Abd-Allah (2010) revealed a higher percentage of post-thawing recovered embryos for stepwise vitrification (100%) compared to one step method (60%). The same author suggests that stepwise vitrification supports better in vitro survival of frozen thawed buffalo embryos.
Cryopreservation of biopsied blastocysts vs. intact blastocysts: The standard embryo cryopreservation method is still less than optimal for biopsied embryos. Non-biopsied blastocysts that initiated hatching or biopsied blastocysts that regained the initial size of the blastocoel were considered to be surviving.
Dehydration of blastocyst- and expanded blastocyst-stage embryos at vitrification may be impaired due to difficultly of cryoprotectants to permeate the blastocoelic cavity, increasing the susceptibility to ice crystal formation. By artificial reduction of blastocoelic fluid, osmotic shock, permeability issues and ice crystal formation can all be reduced. Viability, implantation and pregnancy rates have all been improved in human embryos that have been artificially collapsed by microsuction prior to vitrification (Joris et al., 1999). Microsuction of blastocoelic fluid prior to vitrification of mouse blastocysts improved survival post-warming to rates comparable to nonvitrified controls, increasing live young (Jericho et al., 2003). Unique attempts to improve dehydration of embryos, such as this may further enhance cryosurvival of embryos from many more species, allowing survival similar to non-cryopreserved controls (Zheng et al., 2005).
We have recently reported that IVP and biopsied bovine blastocysts can survive cryopreservation by the conventional freezing procedure of embryos with a programmable freezer and plastic straws is still convenient, especially for technicians working at farms (Zheng et al., 2005). The use of cryoprotective solution containing glycerol and/or sucrose at a relatively low concentration (osmolality ranged from 1,086 to 1,260 mOsm kg-1) made it possible for post-thaw embryos to be diluted in a one-step manner without loss of viability. However, the true viability of cryopreserved embryos needs to be investigated by direct transfer into recipients because confirmation of pregnancy or birth of calves is the most rigorous criterion for assessment.

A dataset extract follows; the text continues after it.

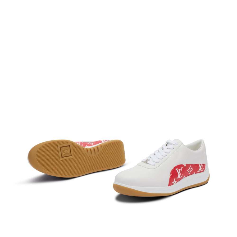 Hats, t-shirts and skate decks, the same items that in 2000 prompted the cease and desist, now featured the Louis Vuitton monogram pattern in the iconic Supreme Red and LV?s classic black and brown.
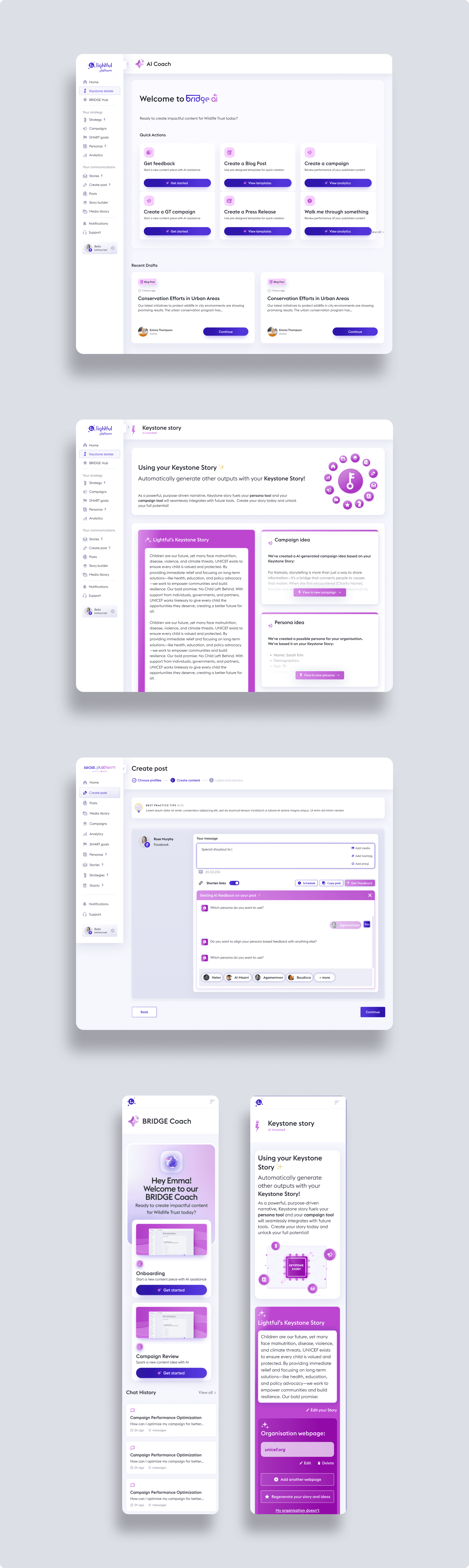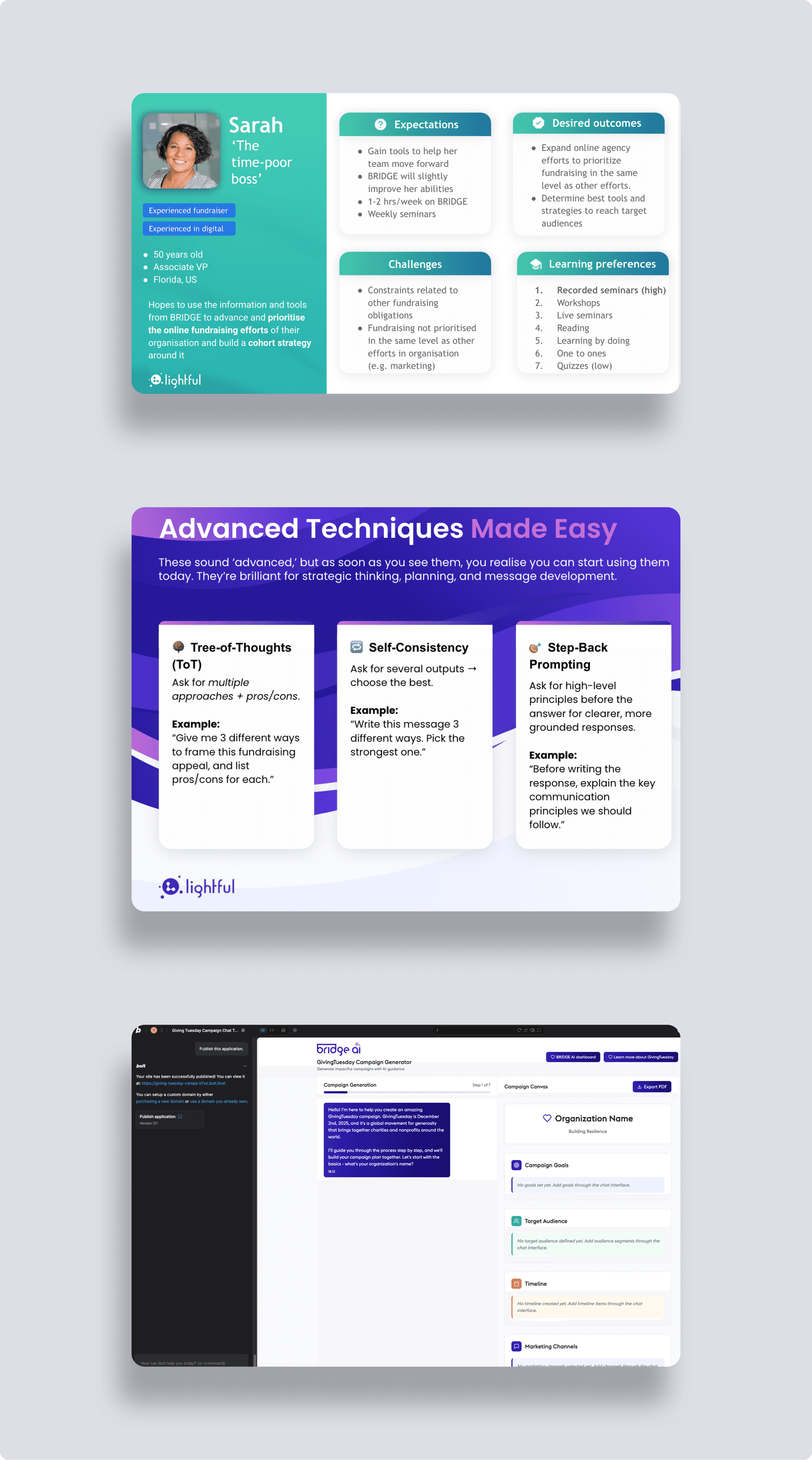 Lightful is a tech-for-good company aimed at providing impactful fundraising and marketing tools for a variety of non-government, government and business users around the world. It was now looking at adding AI tools to its suite of tools. In my role as Head of Design at Lightful, I led a Design Team of 4 (5 including me) to articulate the product vision and design the core experience for AI tools to enhance their offering. Over the course of 3 years I led the team, and provided UX Leadership for, for this AI offering, known as "BRIDGE AI".

More recently, a study showed the effects of freeze/thaw on the biopsied blastocysts. Zheng et al. (2005) evaluated the biopsied blastocysts cryopreserved by slow cooling or vitrification, as compared with controls. the survival rate of biopsied human embryos is significantly lower than non-biopsied embryos when conventional cryopreservation methods are used (Joris et al., 1999; Magli et al., 1999).
Vitrification has become quite useful for storage of biopsied embryos (Jericho et al., 2003) it was shown that a modified cryopreservation method with increased sucrose concentration up to 0.2 mol L-1 could significantly improve the survival rate of biopsied embryos compared with standard freezing methods. This may be due to greater access of the cryoprotectant, caused by the rent in the zona pellucida of micromanipulated embryos.
A major challenge for researchers is to establish a universal standardized vitrification method, which can be successfully applied for cryopreservation of intact and biopsied embryos of buffaloes.
In conclusion, in most cases, modifying cryopreservation methods to fit the cells to be cryopreserved is likely to be preferable to modifying cells to fit procedures for cryopreservation. Nevertheless, there are opportunities to do the latter and in conclusion, cryopreservation of intact and biopsied buffalo blastocysts has revolutionized the field of assisted reproduction.